Ceratovacuna lanigera (Zehnt) Induces Biochemical Changes in Sugarcane
The wooly aphid Ceratovacuna lanigera (Zehnt) is one of the
dreaded pests of sugarcane. The present investigation deals with the biochemical
changes occurring during sugarcane wooly aphid infestation. At low infestation
level chlorophyll a, b and total chlorophyll was reduced to 23, 08 and
18%, respectively as compare to healthy plant. At high infestation, level
of chlorophyll a, b and total chlorophyll was further reduced to 40, 30
and 37%, respectively. On the contrary level of polyphenol was increased
with the level of infestation and about 41% increase was observed at high
infestation level. The juice quality analysis had shown that pest infestation
also affect juice quality considerably.
Sugarcane is an important cash crop of India (Ganeshaiah et al.,
2003; Anonymous, 2003). Economy of the numbers of farmer families, especially
in the Maharashtra and Utter Pradesh states of India depend on the sugarcane
cultivation (Ganeshaiah et al., 2003). Sugarcane yield is affected
by a variety of borer and sucking pests (Maizawan et al., 1995).
Sugarcane Wooly Aphid (SWA) (Ceratovacuna lanigera Z.) is a sucking
pest, generally colonizes at the lower surface of leaves and absorbs sap
by damaging leaf tissues (Joshi and Viraktamath, 2004). It was reported
to affect most of the popular varieties of sugarcane like Co 86032, Co419,
Co8014, Co8011 and Co7527 etc. (Joshi and Viraktamath, 2004; Phukan et
al., 1988). Excretion products of SWA mainly sugars accumulate on
the leaf surface further complicating physiology of plant by supporting
the growth of sooty mould fungus (Ghosh, 1988). At present, chemical pesticide
is the most preferred option available for the control of insect pests
(Anonymous, 2003). Although much appreciated due to their efficacy, chemical
pesticide becoming less popular among the farmer community because of
the associated environmental and health hazards as well as emergence of
pesticide resistance among the pests.
Plants defend themselves against various insect pests, microbes (Knogge,
1996) and herbivores (Agrawal, 1998) attack through passive or pre-existing
mechanism like structural barriers (waxy cuticle) (Agrawal, 1998; Jackson
and Taylor, 1996; Osborne, 1996). Plant also exhibits induced cellular
defense system to protect tissues (Baker et al., 1997; Alfano and
Collmer, 1996). The induced defense system is also known as active defense
system (Baker et al., 1997; Alfano and Collmer, 1996). Plants are
known to synthesize a variety of compounds with diverse structures, commonly
called as secondary metabolites (Baker et al., 1997). Majority
of these secondary metabolites are produced in response to various insect
pests and microbial attack (Baker et al., 1997; Alfano and Collmer,
1996; Osborne, 1996). A good numbers of identified secondary metabolites
are belonging to the polyphenol group of
compounds (Keen, 1992; Maleck and Dietrich, 1999; Mauricio et al.,
1997). The level of phenolic compounds is correlated with pest or microbial
resistance of plants. Plants with higher levels of phenolics are more
resistant to insect pest, herbivores and microbial attack (Osborne, 1996).
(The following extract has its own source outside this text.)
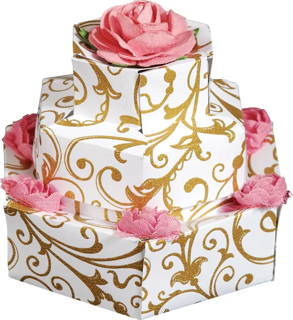 Follow the instructions to make a cake base and topper from gold swirls paper. To glue the tabs, use a small piece of the Ultra Tape on each tab.
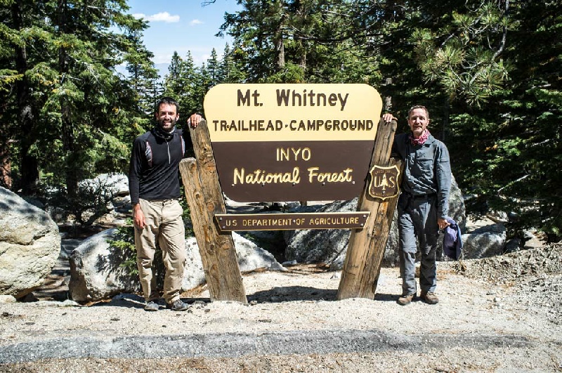 The ascent of the Forester Pass was accomplished early in the morning without too much pain. After taking plenty of photographs, there now followed the incredibly steep, engineered descent down the almost vertical face of the mountain. The rest of the day was a relatively gently walk to Guitar Lake, nestled under the final destination of the John Muir Trail, Mount Whitney summit. A fine mix of woods and meadows kept up the interest levels. A memorable sign was passed on the way indicating 8.3 miles to the top of Mount Whitney. The number of trekkers passed was increasing all the time as we got nearer to Mount Whitney with summiteers returning from their successful expeditions. Finally Guitar Lake was reached and the last camp of the JMT was set up followed by a very wonderful sunset.

Present study aimed at investigating the effect of Ceratovacuna lanigera
attack on photosynthetic activity and defense. In present study we have
made an attempt to identify the biochemical mechanism that leads to the
reduction in yield and quality by sugarcane wooly aphid infestation.
MATERIALS AND METHODS
Collection of Plant Material: Plant material of sugarcane (healthy and infested) of variety Co
8014 used in this study was collected in the month of January 2007 from
the Khadamba village of Ahmednagar district (MS), India. Depending on
the level of infestation plants were categorized into four groups as follows
||Different groups of plant material of sugarcane used
in the study
||High infestation (4-5 green opened leaves fully covered by pest).
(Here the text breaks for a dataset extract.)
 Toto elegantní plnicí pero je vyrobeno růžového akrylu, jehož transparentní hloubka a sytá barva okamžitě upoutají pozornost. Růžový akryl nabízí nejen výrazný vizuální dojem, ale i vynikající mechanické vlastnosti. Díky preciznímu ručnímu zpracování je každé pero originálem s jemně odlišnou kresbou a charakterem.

||Moderate infestation (about 50% area of 1-2 green opened leaves
covered by pest).
||Low infestation (about 10% area of 1-2 green opened leaves covered
||Healthy sugarcane (No infestation on any leaf).
Sugarcane samples (healthy and infested ones) were collected separately
from the selected area. Stems were sent to the sugar factory for crushing
and juice analysis and leaves were brought to the laboratory for biochemical
Extraction and Analysis: After cleaning of crusher, sugarcane stems of the above mentioned
groups were crushed separately and juice was collected in different containers.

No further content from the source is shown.